Uma viagem que agora é história
No meio do caminho, com a Terra encolhendo no retrovisor e a Lua crescendo na janela. Foi assim que o piloto Victor Glover descreveu o momento histórico que a tripulação do Artemis II vive. Três americanos e um canadense estão prestes a se tornar os primeiros humanos em meio século a ver o nosso satélite de perto.
“A Terra é muito pequena e a Lua está definitivamente ficando maior”, observou Glover do espaço profundo.
Nesta segunda-feira, se tudo correr como planejado, eles fotografarão o misterioso lado oculto da Lua enquanto passam em alta velocidade. Eles não vão parar ou entrar em órbita – será um sobrevôo rápido antes de voltar para casa.
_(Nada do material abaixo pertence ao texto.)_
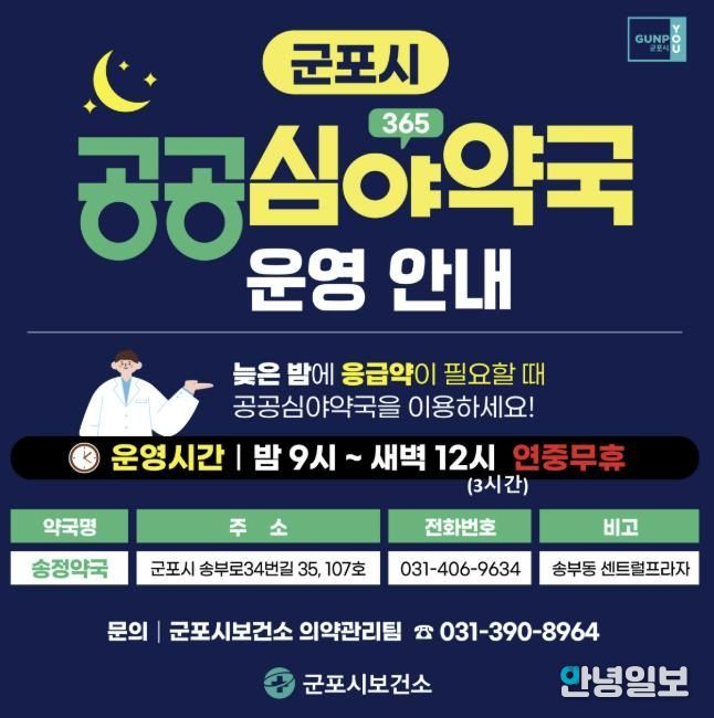 안녕일보 배윤 기자 | 군포시가 오는 3월부터 심야 시간 시민들의 의약품 구매 불편을 해소하고 안전한 투약 환경을 조성하기 위해 연중무휴 ‘공공심야약국’을 신규 지정·운영한다고 밝혔다.

Canadá escreve seu próprio capítulo
O que torna esta missão especial vai além do simples regresso à Lua. Jeremy Hansen, o astronauta canadense, está quebrando barreiras como o primeiro cidadão não americano a voar até o nosso satélite natural.
De Quebec, a Agência Espacial Canadense comemorou esse marco ao vivo. A sua presidente, Lisa Campbell, não conseguiu conter o seu orgulho:
“Hoje está fazendo história para o Canadá”, disse Campbell. “Ao observá-lo dar este passo ousado rumo ao desconhecido, que sua jornada nos lembre que o futuro do Canadá é escrito por aqueles que ousam aspirar mais alto.”
A missão também marca outras novidades: Christina Koch será a primeira mulher e Victor Glover o primeiro astronauta negro a chegar às proximidades lunares.
Registros e precedentes
Artemis II está prestes a superar uma marca estabelecida há décadas. Eles viajarão a mais de 400 mil quilômetros da Terra – excedendo a distância da Apollo 13 – antes de fazerem aquela inversão de marcha cósmica atrás da Lua.
Este sobrevoo de quase 10 dias é apenas o começo. A NASA tem planos muito mais ambiciosos: estabelecer uma base lunar sustentável com um pouso lunar próximo ao pólo sul até 2028.
Enquanto isso, quatro pessoas flutuam naquela cápsula entre dois mundos, escrevendo o próximo capítulo da exploração espacial com sua jornada. Quando pousarem no Pacífico, em 10 de abril, terão demonstrado que, após 53 anos, a humanidade ainda está olhando para cima.